“THINGS AIN'T WHAT THEY USED TO BE.” That song, penned in Harlem by Duke Ellington, could very well describe the nature of the Manhattan neighborhood today. Harlem, after all, is in the midst of massive change, with glass-and-steel co-ops, former U.S. presidents, and Starbucks moving into what had been, for a century, a ghettoized African-American community. Invinciblecities.com unveils what Harlem was 30 years ago, what it is now, and its many iterations along the way. Featuring the photography of Camilo José Vergara, the site begins in the tumultuous '70s and traces the history of Harlem since then through Vergara's photos, which he has taken and meticulously documented over the decades.

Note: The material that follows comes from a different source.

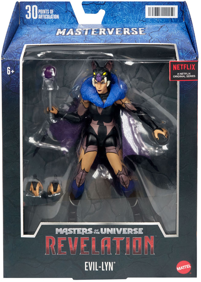 "Auf keinen seiner bösen Krieger verlässt sich Skeletor mehr als auf Evil-Lyn. Sie wirkte an seinem Ziel mit, He-Man zu vernichten und die Macht von Grayskull zu rauben. Für ihre dienste machte Skeletor sie zur neuen Zauberin von Castle Grayskull. Dieses Geschenk enthält aber auch einen Fluch. Als Zauberin ist Evil-Lyn an die Burg gebunden und wird zu ihrer - und Skeletors - Gefangener.
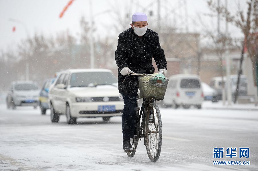 3月4日,在宁夏固原市,一位市民在雪中骑行。当日,宁夏固原市普降中到大雪,固原市气象台发布道路结冰黄色预警,福银高速李旺至沿川子段部分路段双向交通管制,交通部门提醒出行市民注意交通安全。新华社记者 王鹏 摄

The photographs form part of a larger endeavor to chronicle the American ghetto. Launched in 2003 with Vergara's images of Camden, N.J., and Richmond, Calif., and updated in 2007 with Harlem, the website provides a sweeping look into these three communities. The site's name comes from a line in a Walt Whitman poem that is inscribed on Camden City Hall: “I dream'd in a dream, I saw a city invincible.”
Trained as a sociologist, Vergara started photographing conditions of poverty in 1969. He quickly recognized architecture's dynamic character and its potential to convey narratives: “I realized early on that buildings tell stories very clearly and each of them tells it differently.” He records each shot's location precisely, giving the project historical gravitas. The site's design is eminently user friendly, allowing visitors to easily arrange photographs based on date, location, architectural features, or themes.
Vergara has lived in Harlem since 1970. A former MacArthur fellow, he collaborates on the website with Howard Gillette, a historian at Rutgers University. “I've been shooting these places for a long time, on 35 mm Kodachrome,” Vergara says, “and the internet has become a great way to make the medium speak very directly.”